Яна задумалась. Агния – жена самого Брагина. С какой стати ей устраиваться на работу по объявлению? Странно…
* * *
Еремея Гребнева хоронили на Кунцевском кладбище. На центральной аллее собрались близкие, друзья, фанаты-читатели, издатели, кто-то из литературных чинов. Отдельной группкой стояли его мать, Павел, немногие родственники. Я встала чуть поодаль, хотелось увидеть всех как бы со стороны.
– Хозяйка, землицы кладбищенской не надоть? – сунулась ко мне небритая щербатая рожа.
– Чего? – воззрилась я на диковинного индивидуального предпринимателя.
– У нас без обмана, – тряс он перед моим носом грязным пакетом, – свеженькая… Прямо от трехдневного покойничка. Как полагается…
– Кому полагается?
– Ну так… как же… Это дело ваше, бабье. Кого ты там хочешь известь?
– Никого не хочу, – испуганно отстранилась я.
– Все равно бери… Глядишь, пригодится. Вон какого молодого хоронят, – кивнул он на портрет Еремея, – не иначе, ваша сестра постаралась.
– Вали отсюда! – цикнула я на бомжа.
– Как знаешь, как знаешь…
Он неторопливо затрюхал со своим тлетворным пакетом.
Я подошла поближе к Павлу. Он узнал меня, поздоровался сдержанно. Выразила соболезнования матери Еремы. Она держалась строго, не плакала, только глаза были как незрячие. Не знаю, услышала ли она мое сбивчивое бормотание, но безучастно кивнула, пригласила на поминки. Недалеко от этой группы рыдала девушка в черном. Она так искренне убивалась, что невольно обращала на себя внимание неподдельным горем. Ее прижимала к себе другая – симпатичная и белокурая. Подружка, наверное.

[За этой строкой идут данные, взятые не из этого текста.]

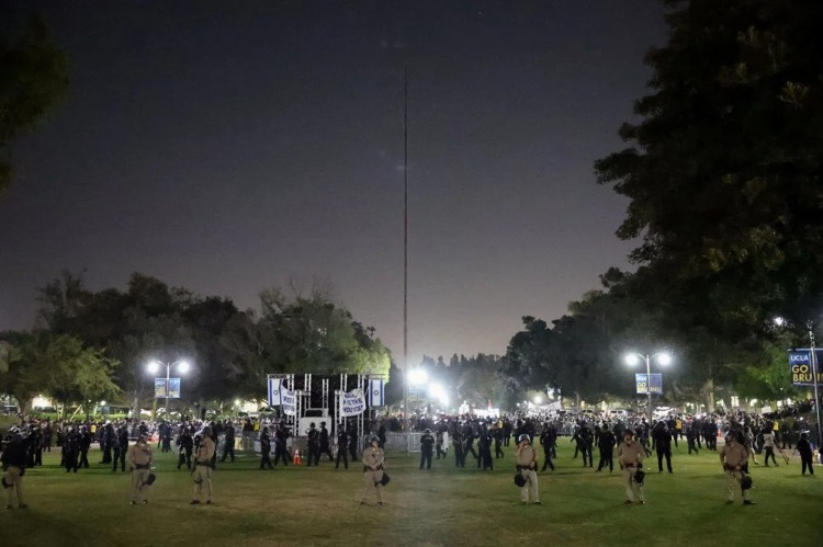 Yüzlerce kasklı polis, Los Angeles'taki Kaliforniya Üniversitesi (UCLA) kampüsüne girerek, dün İsrail yanlıları tarafından saldırıya uğrayan Filistin'e destek kampını dağıtmaya başladı.

Еремея хоронили в закрытом гробу. Отдающие последний долг шли к нему в скорбной очереди. Но отзвучали прощальные речи, смолкли траурные марши, гроб опустили в могилу. Мать первой подошла и бросила горсть земли. За ней потянулись остальные. Постепенно люди стали расходиться. Мы, немногие приглашенные на поминки, заторопились к автобусу.

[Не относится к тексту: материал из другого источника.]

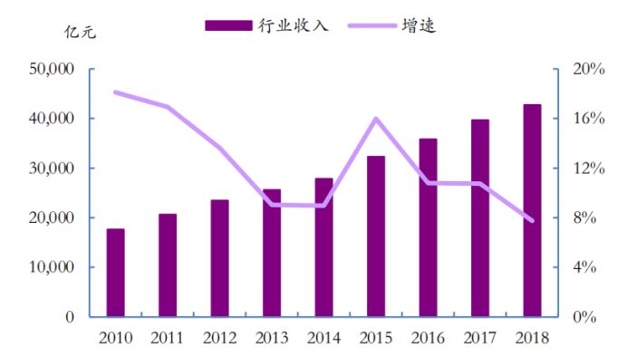 餐饮业是国民经济中增长速度最快的行业之一,过去的30年全行业的年均增速18.6%,增速远远超过GDP和人均国民收入的增长。从规模上看,全国餐厅总数已经超过600万家,中餐占到75%。2018年餐饮市场收入也已经突破4万亿元,占2018年38万亿的社会零售总额的10.5%。

После кладбищенской стужи в салоне я не сразу отогрелась. Мы сели рядом с Пашей, больше я здесь никого не знала. Он уставился в окно. А я на него. Неожиданно подумала: а кто он, собственно? Кем на самом деле был для Еремы? Как оказался рядом с ним? Я слегка тронула его за рукав. Он обернулся.

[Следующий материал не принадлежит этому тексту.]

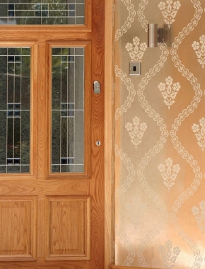 The third colourway has a unique soft focus antique mirror appearance. A classic look from the 18th century guilded glass fixed with gold crystals giving that exclusive shimmered glassed effect. To further this look there are two beautiful silk printed fabrics to co-ordinate.

– Паш, ты как с Еремой познакомился?
– …Как мы познакомились? – переспросил он, помолчал и нехотя процедил: – Я приехал в Москву. Встретился с Еремой. Стал ему помогать. Иногда…
– Тебя это устраивало?
– Почему нет… – И он снова отвернулся к окну.
А было все так. Павел Пышкин послал на e-mail Гребнева предложение: «Готов сотрудничать. Слава не нужна, нужны деньги». Оставил свой электронный адрес. Отдельно прикрепил файл с собственными публикациями – короткими рассказами в жанре экшен. Вскоре на его электронный адрес пришло короткое послание: «Будешь в Москве, звони» и номер мобильного Еремея Гребнева.